Reflotar la esperanza

No se puede tratar hoy a un paciente en esta sociedad tan herida por el desamparo sin apelar a los grandes de la filosofía y de la vida. Un terapeuta necesita una mirada artesanal ante este ser que está frente a nosotros herido y que se considera incurable y ya fuera del circuito de esperanza y paradójicamente sin registro de lo que le sucede.

En realidad voy a apelar a dos grandes de la filosofía del siglo XX como Emmanuel Lévinas y Gabriel Marcel (europeos ambos y que dejaron enseñanzas hermosas por su humanismo).

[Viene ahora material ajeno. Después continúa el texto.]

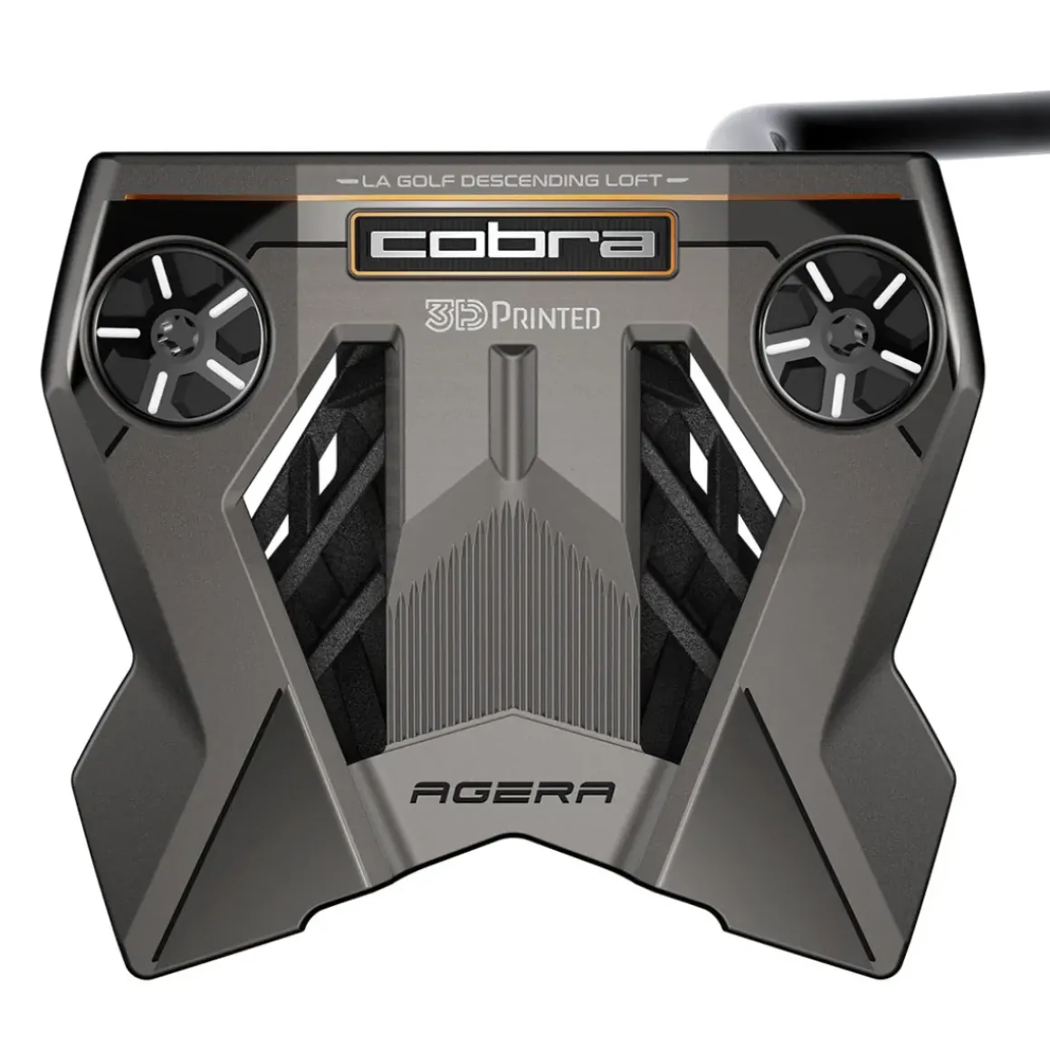 The COBRA King Agera putter has a multi-material 3D printed construction that brings ultimate stability in a mallet putter shape.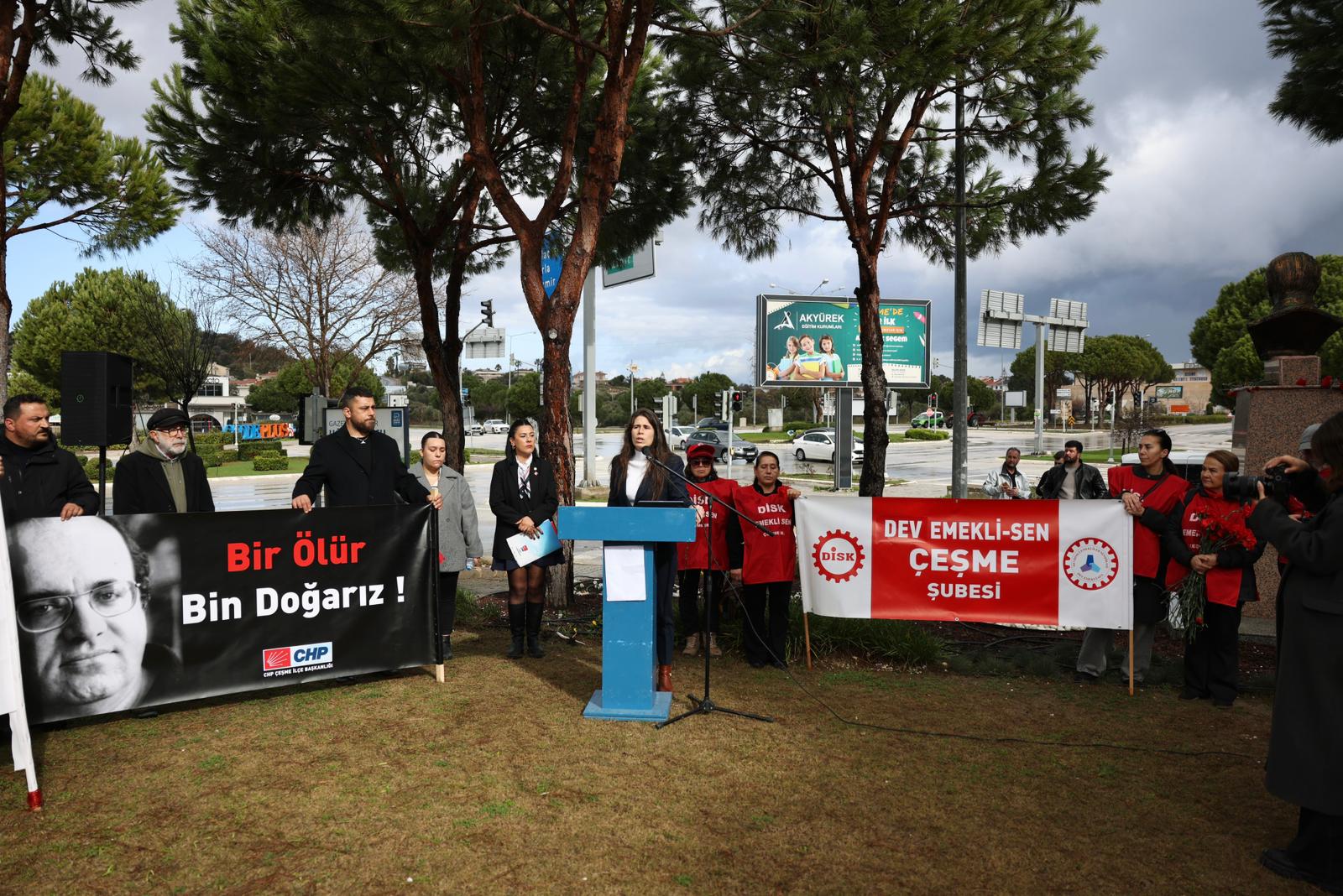 CHP Çeşme İlçe Başkanı Dolunay Onur da konuşmasında, 24 Ocak 1993’te susturulmak istenenin yalnızca Uğur Mumcu değil, toplumun vicdanı olduğunu söyledi.

No hay experiencia terapéutica –por lo menos para nosotros- en esta era de la inermidad y de la identidad de los “nadies” sin la vivencia del amor y la esperanza. Marcel decía: “…amar a un ser es decirle tú no morirás”. Por el contrario la experiencia del desamor tan cara a las experiencias actuales remite a la experiencia vívida y dura del “morite”, “no existís”.

Somos hijos del reconocimiento. Sin reconocimiento no hay vida posible. El amor remite a un proyecto y a una esperanza. Por otro lado Levinas nos dice que la experiencia fundamental que funda la esperanza por vivir es el “cara a cara”. Estar con otro cara a cara, mirarlo, hablarle. Incluso nos dice que es la experiencia ética fundamental. Por eso el que no nos mira a la cara oculta una transgresión –por supuesto-ética. La experiencia del amor es la del reconocimiento y mirar al otro funda una esperanza, una promesa de futuro. El mundo de hoy parecería padecer del mal de ausencias.

(*): Director general de Gradiva – Rehabilitación de adicciones.